To further illustrate the working process of this embodiment, the ETL unit extracts each road of the source map as an independent road track, and generates a data matrix containing original attribute items of each road as the vectorized data source;
the ETL unit establishes a spatial index partition based on an R-Tree for the basic map as the multi-level spatial index partition; in the multilevel spatial index partitions, leaf nodes are roads in a basic map, and any father node is a set of all child nodes of the father node and reaches a root node.
The model unit inputs the vectorized data source and the multilevel spatial index partitions into a road network matching model based on hidden Markov and then obtains the observation probability and the transition probability of the road network matching model; and the model unit searches and matches the road in the multilevel spatial index subarea with the maximum likelihood of the vectorization data source according to the observation probability and the transition probability.

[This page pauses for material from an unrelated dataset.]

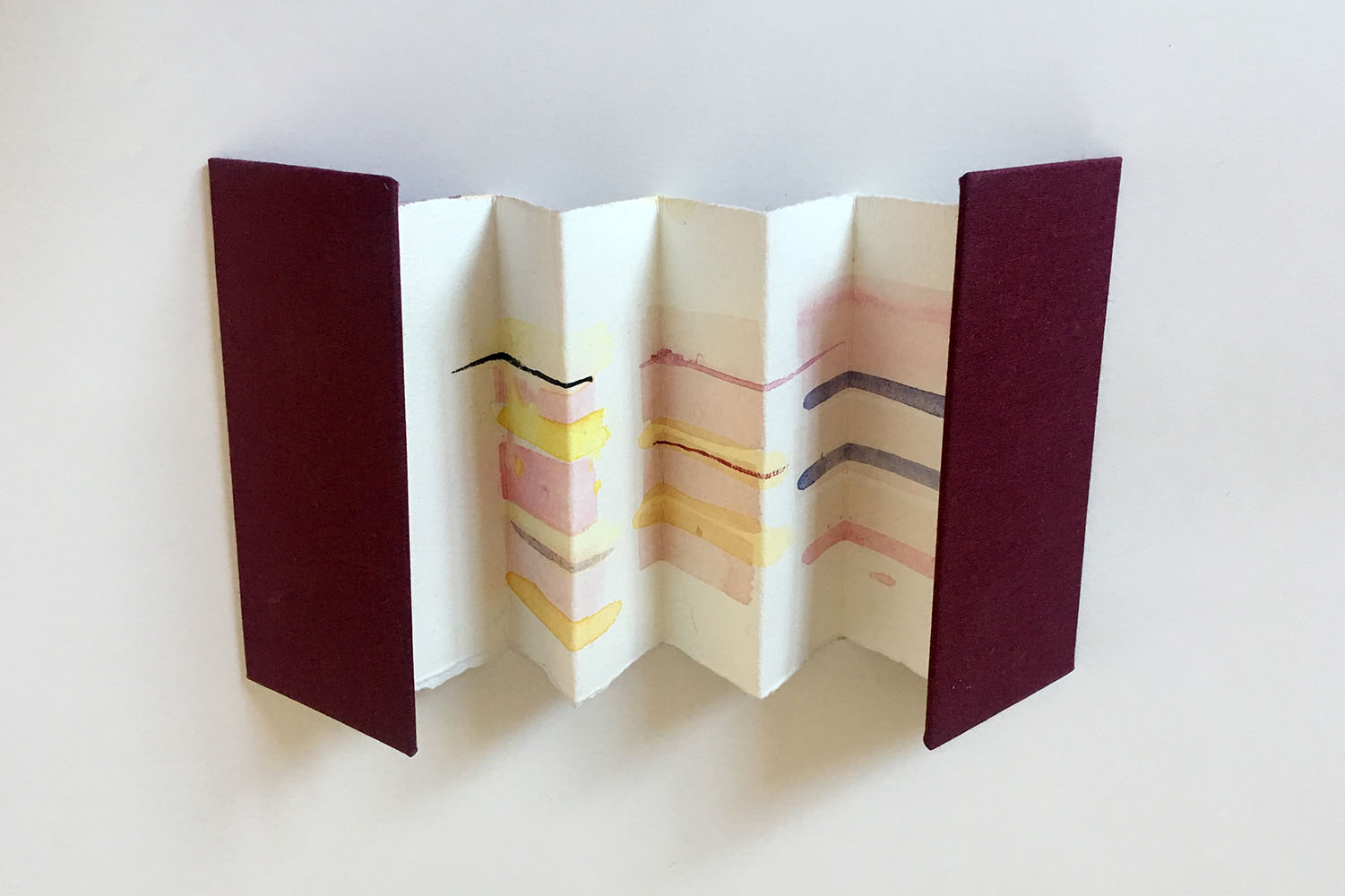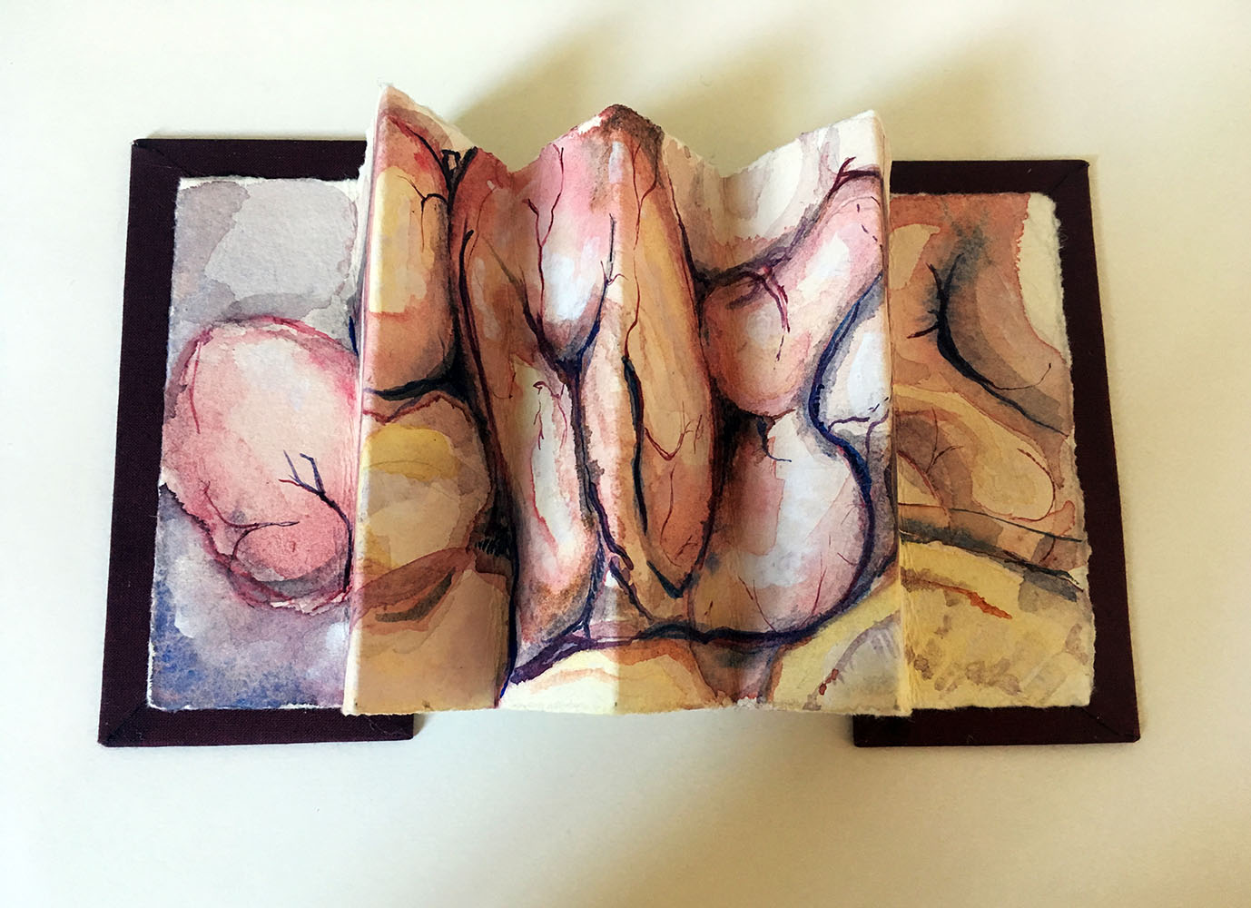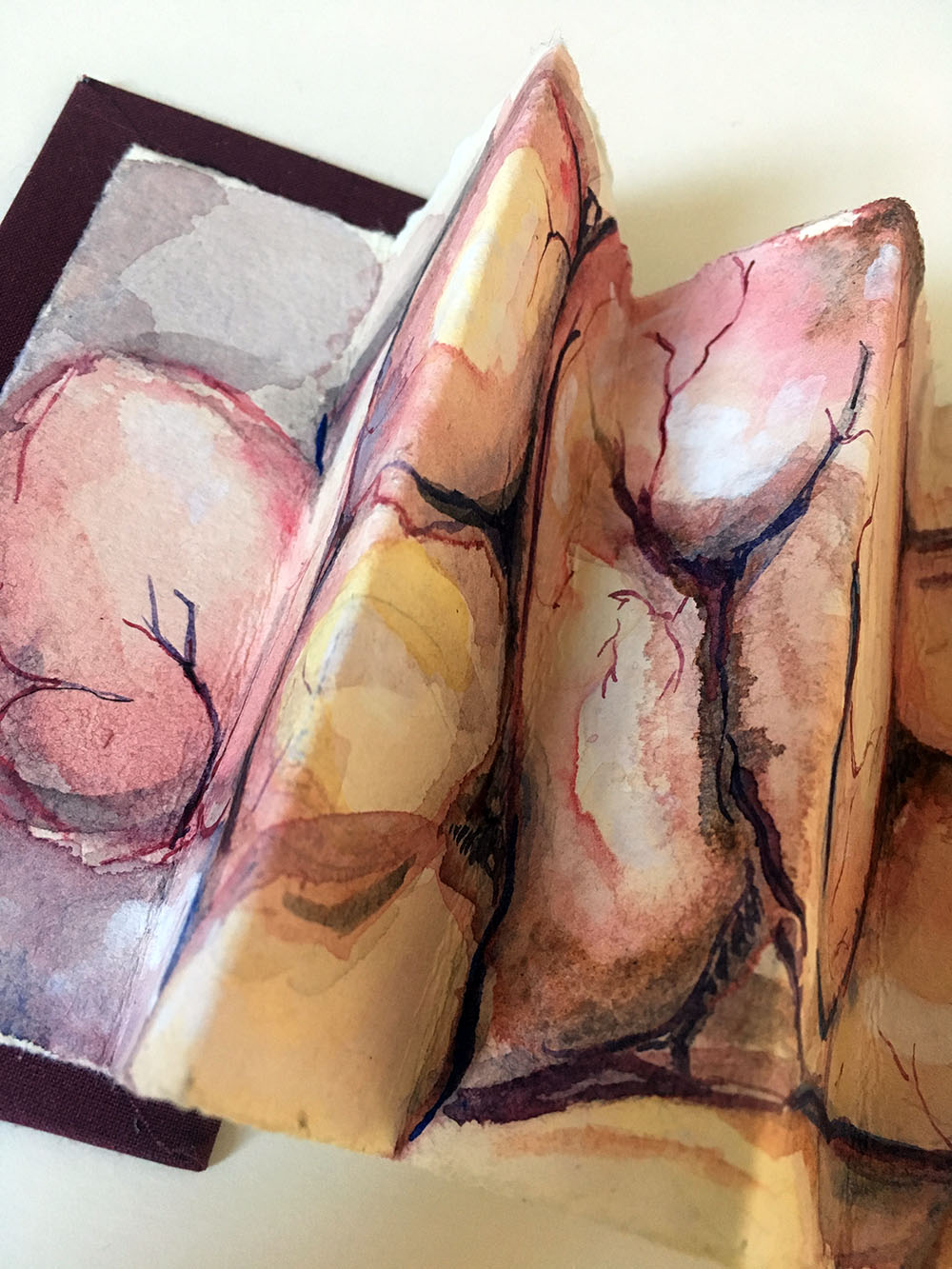 I finished the book with a classic concertina fold which neatly slices through the fleshy textures and I added covers in a deep wine red. The back shows swatches of the colours that I mixed in the process of making the paintings and I like the natural juxtapositions between soft and hard, finished and unfinished, healed and inhaled.

The above-mentioned embodiments are intended to illustrate the objects, technical solutions and advantages of the present invention in further detail, and it should be understood that the above-mentioned embodiments are merely exemplary embodiments of the present invention, and are not intended to limit the scope of the present invention, and any modifications, equivalent substitutions, improvements and the like made within the spirit and principle of the present invention should be included in the scope of the present invention.